Recorded data
* * * * * * * * *

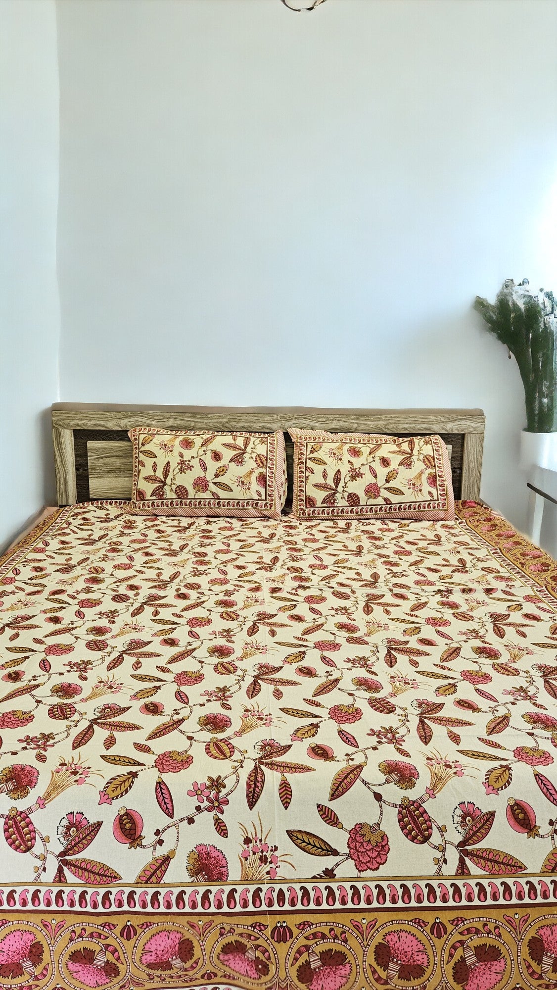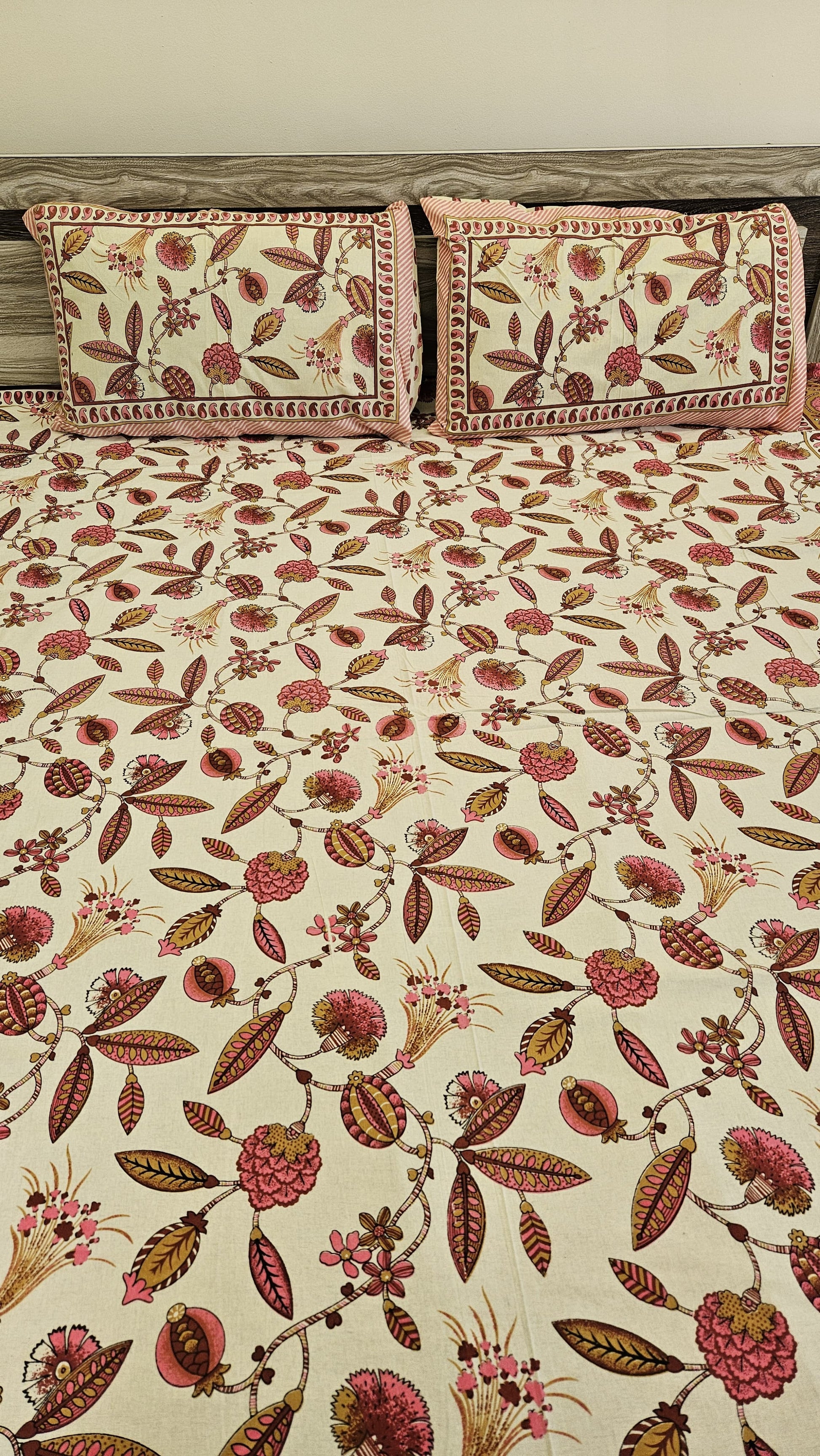 Peach Leaf Double Bedsheet with 2 Pillow Cover
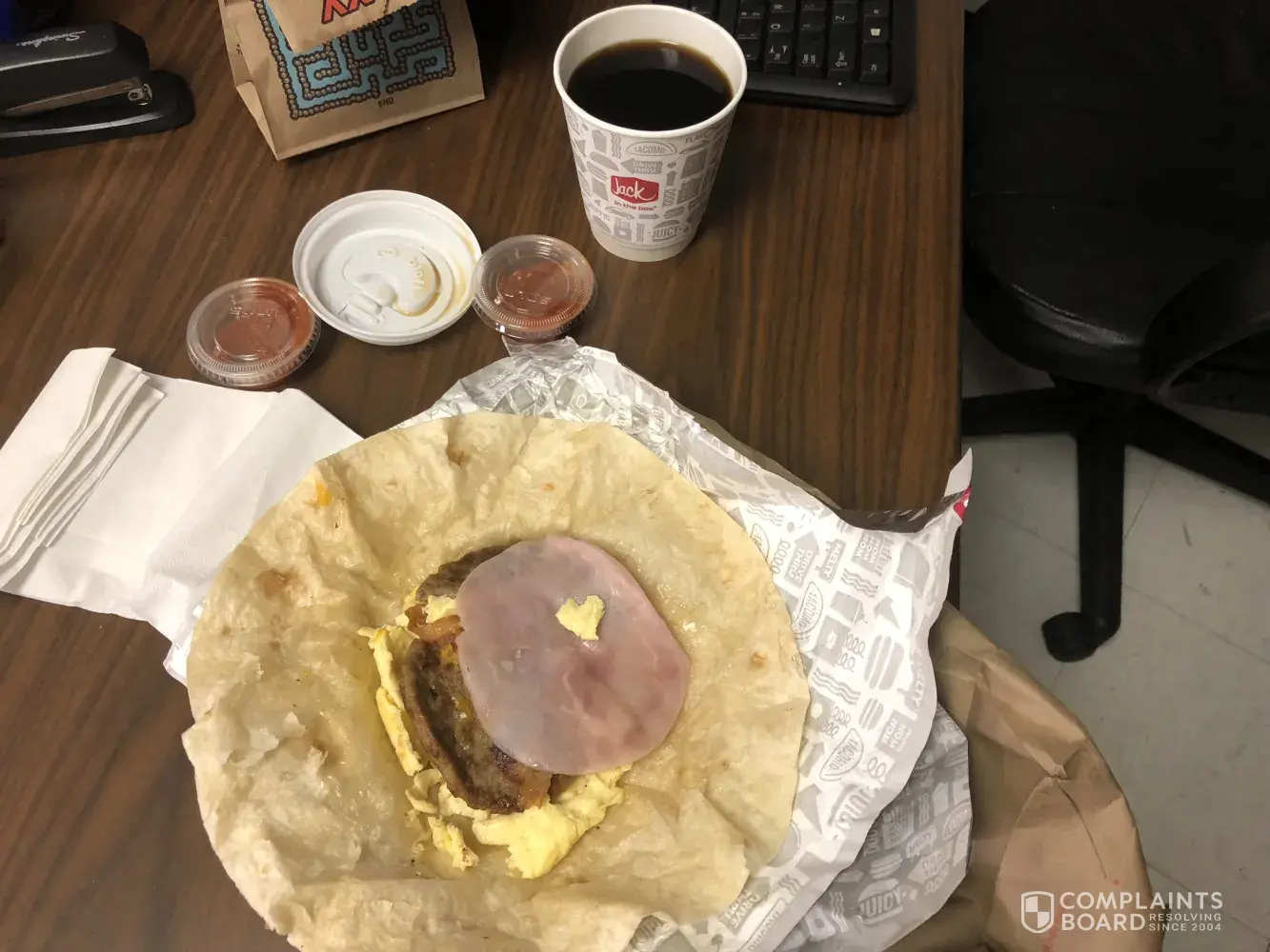 I'll stop by Jack in the box this morning at 49 E. Cross Timbers for breakfast I ordered a supreme burrito when I got the Burrito the eggs wasn't scrambled and it had a sausage and ham laying on top of it it's a shame that you pay your money and can't get the employees to fix the you food right the way. I've add a picture because this is not the way it looks on the sign. Pittyful!
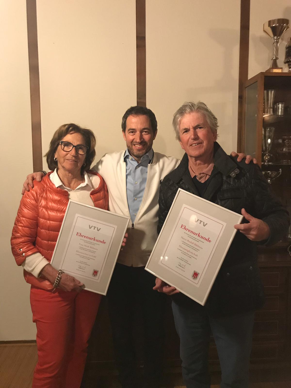 Einer der Höhepunkte waren die Ehrungen: Rudolf Billy Bildstein wurde zum VTV-Ehrenmitglied ernannt, seine Gattin Heidi erhielt ebenso das Goldene Ehrenzeichen wie der langjährige VMM-Referent Stefan Rauth.
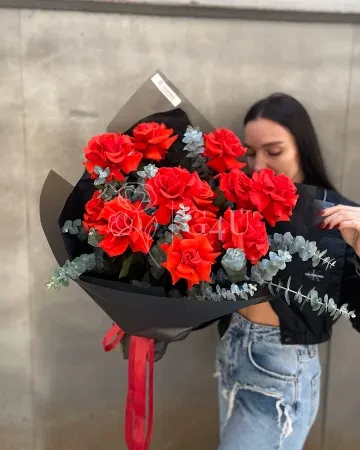 Букет “Ляззат” из 25 красных роз с эвкалиптом
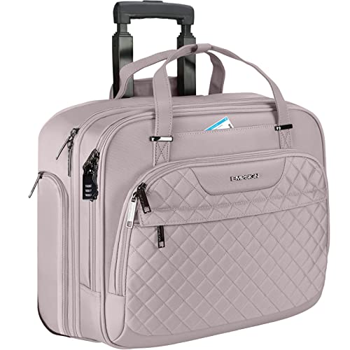 EMPSIGN Rullande laptopväska kvinnor med hjul, rullande portfölj för kvinnor passar upp till 15,6 tums bärbar datorportfölj på hjul, vattenavvisande datorväska med RFID-fickor, Quiltad dammig rosa,
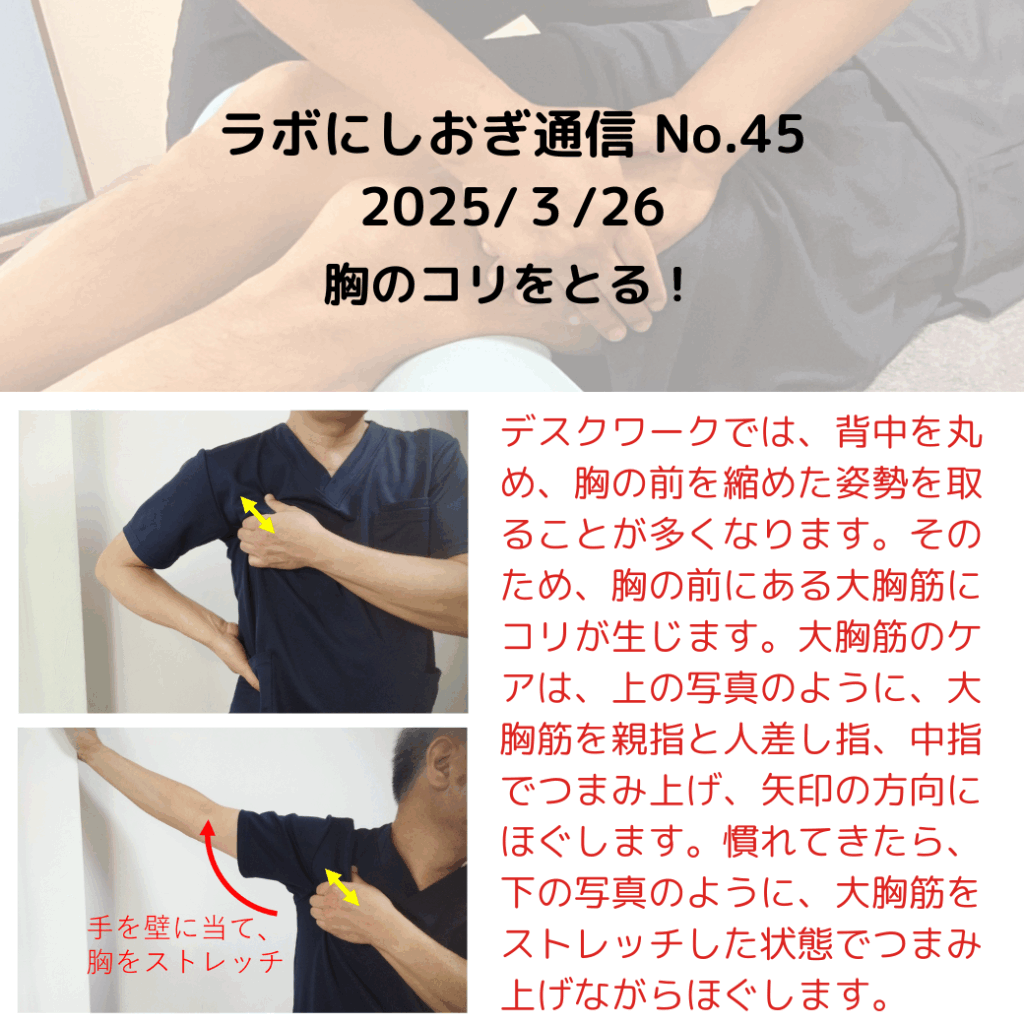 デスクワーク中心でお仕事をされている方は、この筋肉がこりやすいため、ぜひセルフケアにお役立てください。
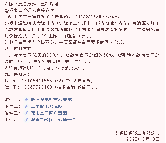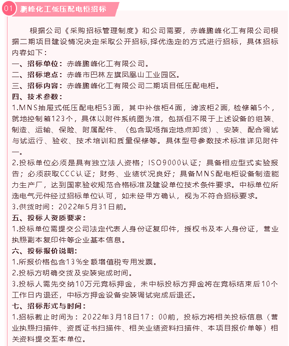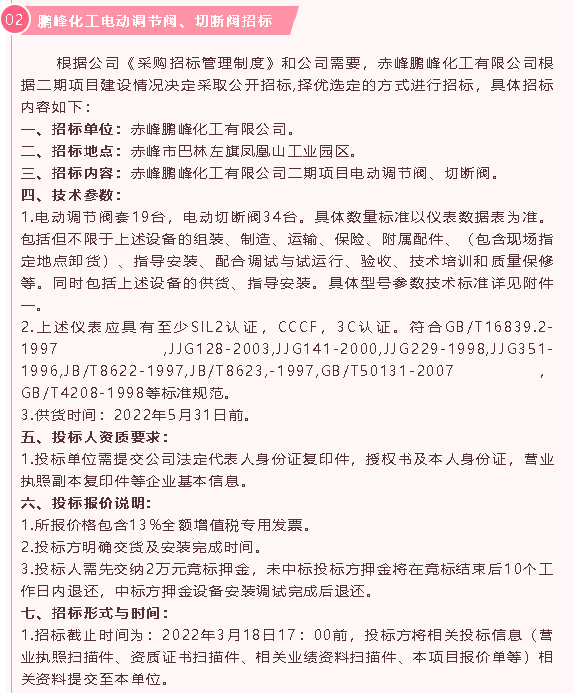 【招標(biāo)公告】鵬峰化工低壓配電柜、電動(dòng)調(diào)節(jié)閥、切斷閥招標(biāo)

* * * * * * * * *

WHAT TO PRODUCE: The copy should hold every entry above word for word and none of the pictures.

ANSWER TO THIS EXERCISE:
 Peach Leaf Double Bedsheet with 2 Pillow Cover
 I'll stop by Jack in the box this morning at 49 E. Cross Timbers for breakfast I ordered a supreme burrito when I got the Burrito the eggs wasn't scrambled and it had a sausage and ham laying on top of it it's a shame that you pay your money and can't get the employees to fix the you food right the way. I've add a picture because this is not the way it looks on the sign. Pittyful!
 Einer der Höhepunkte waren die Ehrungen: Rudolf Billy Bildstein wurde zum VTV-Ehrenmitglied ernannt, seine Gattin Heidi erhielt ebenso das Goldene Ehrenzeichen wie der langjährige VMM-Referent Stefan Rauth.
 Букет “Ляззат” из 25 красных роз с эвкалиптом
 EMPSIGN Rullande laptopväska kvinnor med hjul, rullande portfölj för kvinnor passar upp till 15,6 tums bärbar datorportfölj på hjul, vattenavvisande datorväska med RFID-fickor, Quiltad dammig rosa,
 デスクワーク中心でお仕事をされている方は、この筋肉がこりやすいため、ぜひセルフケアにお役立てください。
 【招標(biāo)公告】鵬峰化工低壓配電柜、電動(dòng)調(diào)節(jié)閥、切斷閥招標(biāo)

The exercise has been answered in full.